Looking at OSL's journey over the past few years, especially its tilt towards institutional business, it is clear that OSL's development strategy is no longer limited to being just an exchange. Its business layout clearly outlines the profile of a comprehensive Web3 infrastructure service provider with "trading + custody + technology solutions ( SaaS ) + payment ( Banxa ) + global compliance network." This reflects the increasing maturity of Hong Kong's Web3 ecosystem, where participants are beginning to build more complex and synergistic business matrices to meet the increasingly diverse needs of institutional and high-net-worth clients.

OSL, through a series of acquisitions and globalization expansions, may confirm that Hong Kong's policy advantages can encourage more institutions to participate in the global Web3 market competition. The transition of OSL from loss to profit also illustrates that, under a clear regulatory framework, through strategic capital empowerment, focusing on core businesses, divesting redundant burdens, and actively pursuing global compliance expansion and ecological cooperation, licensed Web3 institutions in Hong Kong are fully capable of achieving sustainable profit growth.

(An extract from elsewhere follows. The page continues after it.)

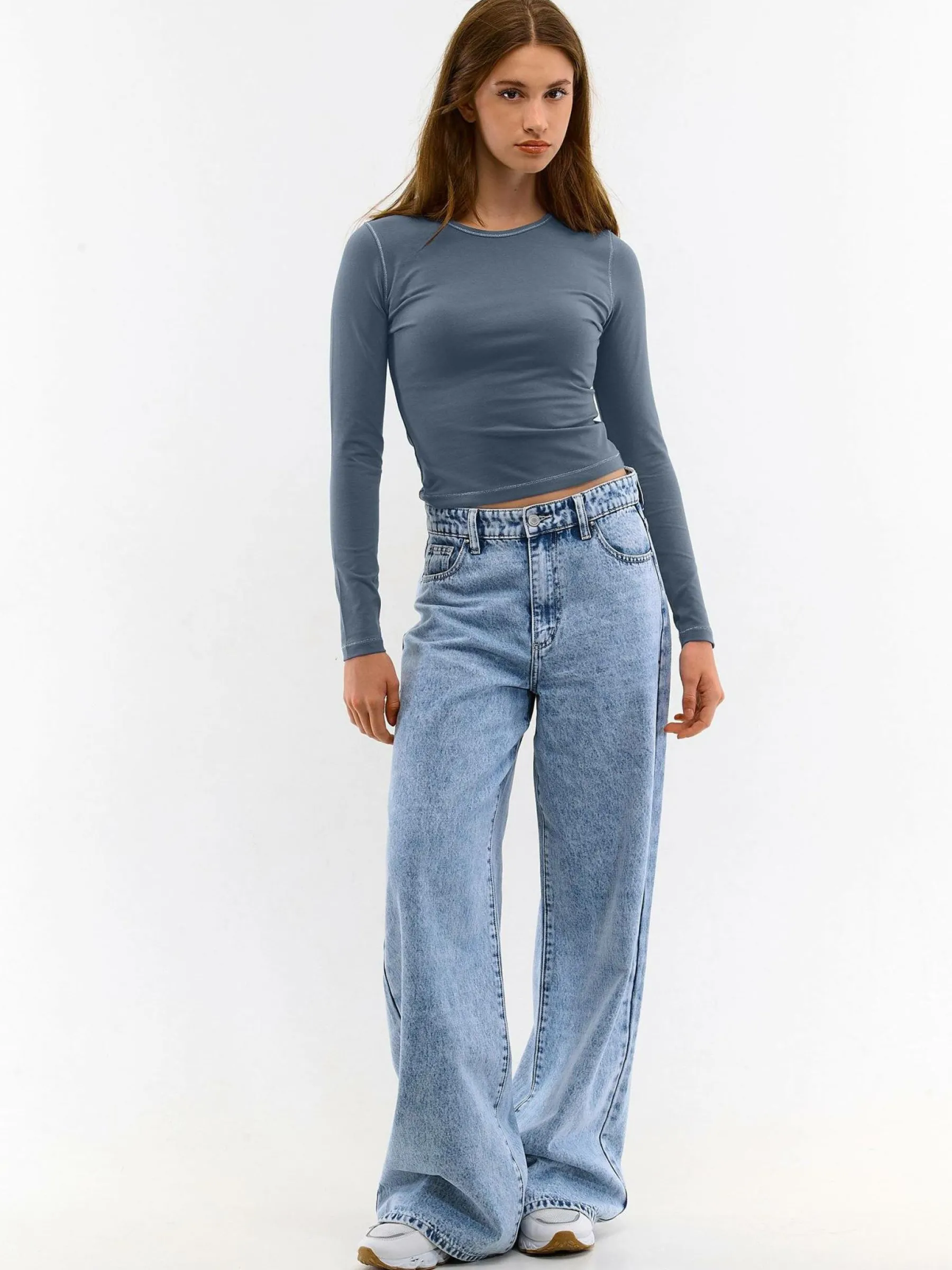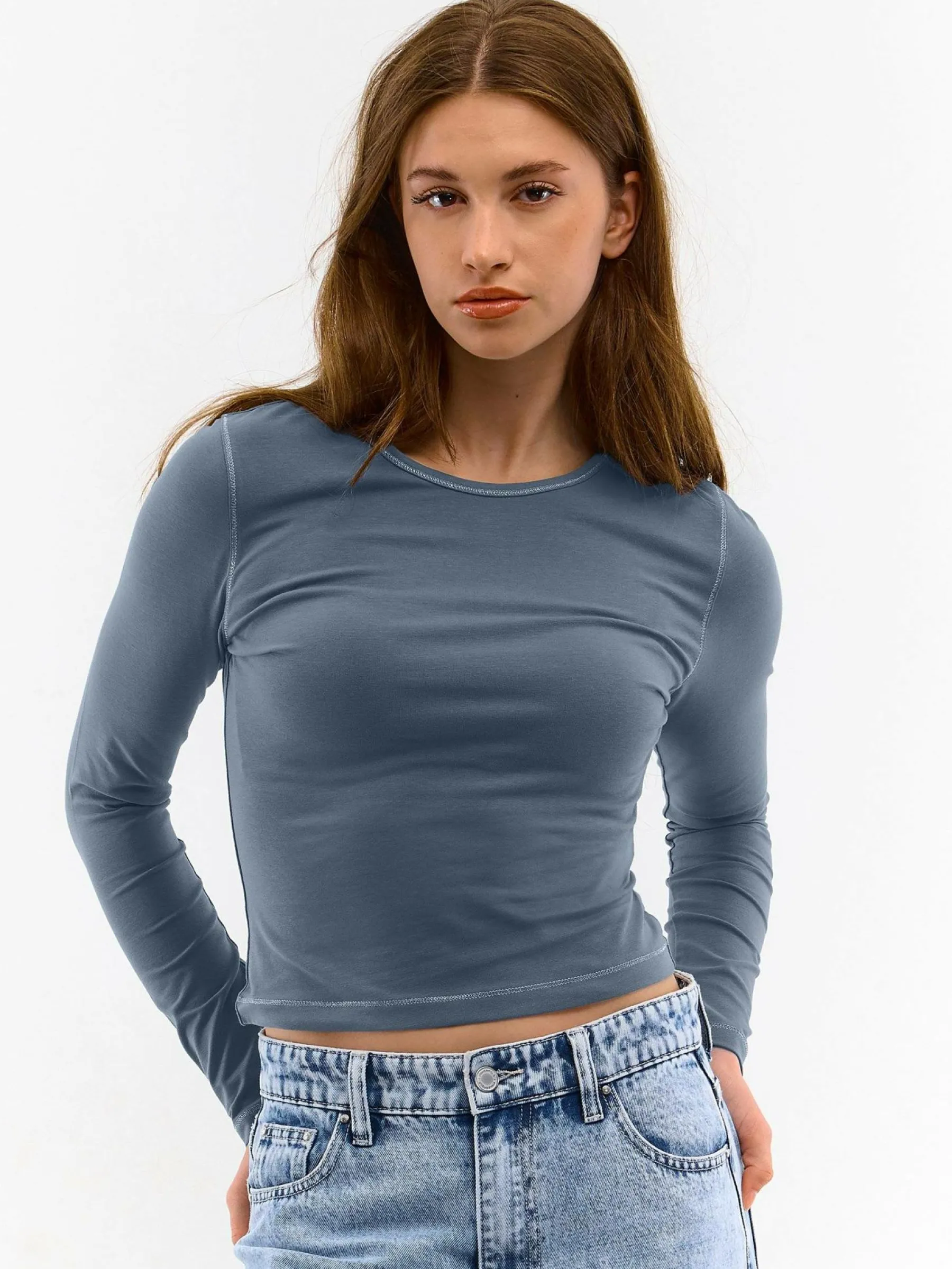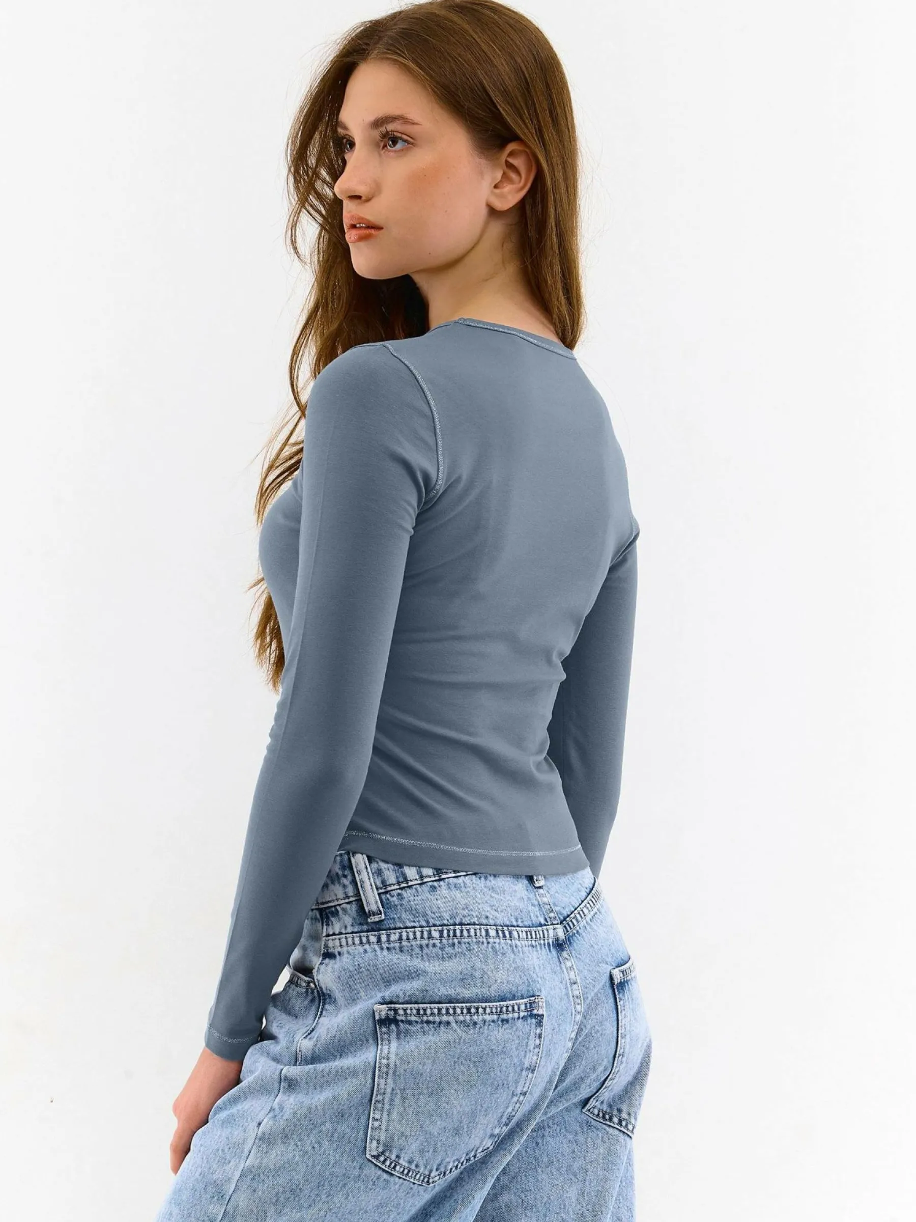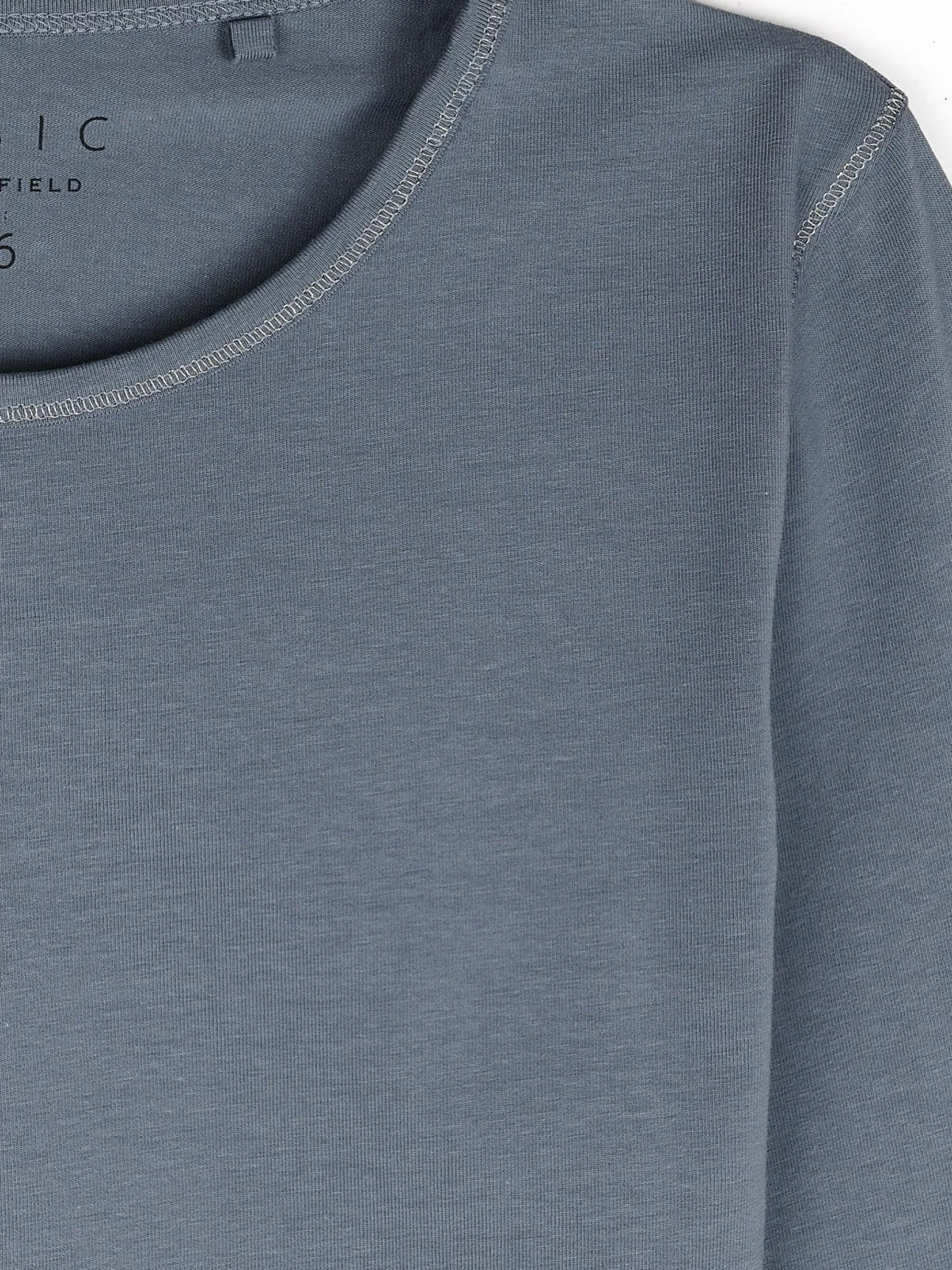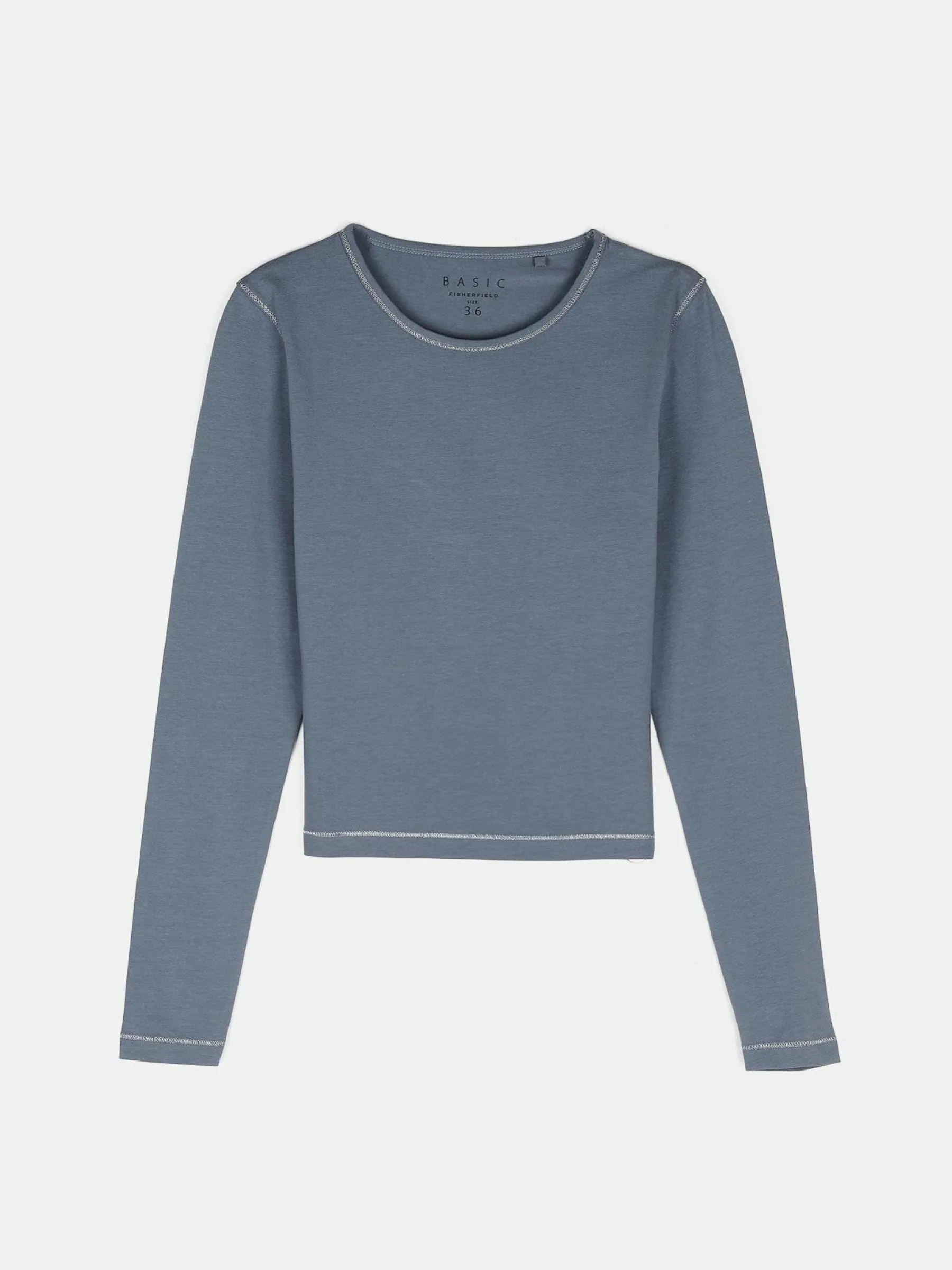 Kolor: niebieskiKrój: podstawowyTyp: koszulkaRekaw: długi rękawDługość: krótkiPattern style: pojedynczy kolorDeta…

The development of Web3 in Hong Kong has entered a new stage characterized by the landing of actual businesses, institutional capital-driven growth, and global resource integration. In this stage, competition will become more intense, with OSL's phased profitability beginning with an investment of HKD 710 million and a significant turnover of senior management serving as the touchpoint for development. High costs make it a game for large capital.

In Hong Kong, there are currently nearly fifty institutions licensed to provide virtual asset trading services, not all of which are as financially robust as BGX. OSL took the lead and served a large number of institutional clients, making it increasingly difficult for later entrants to carve out their share of the market.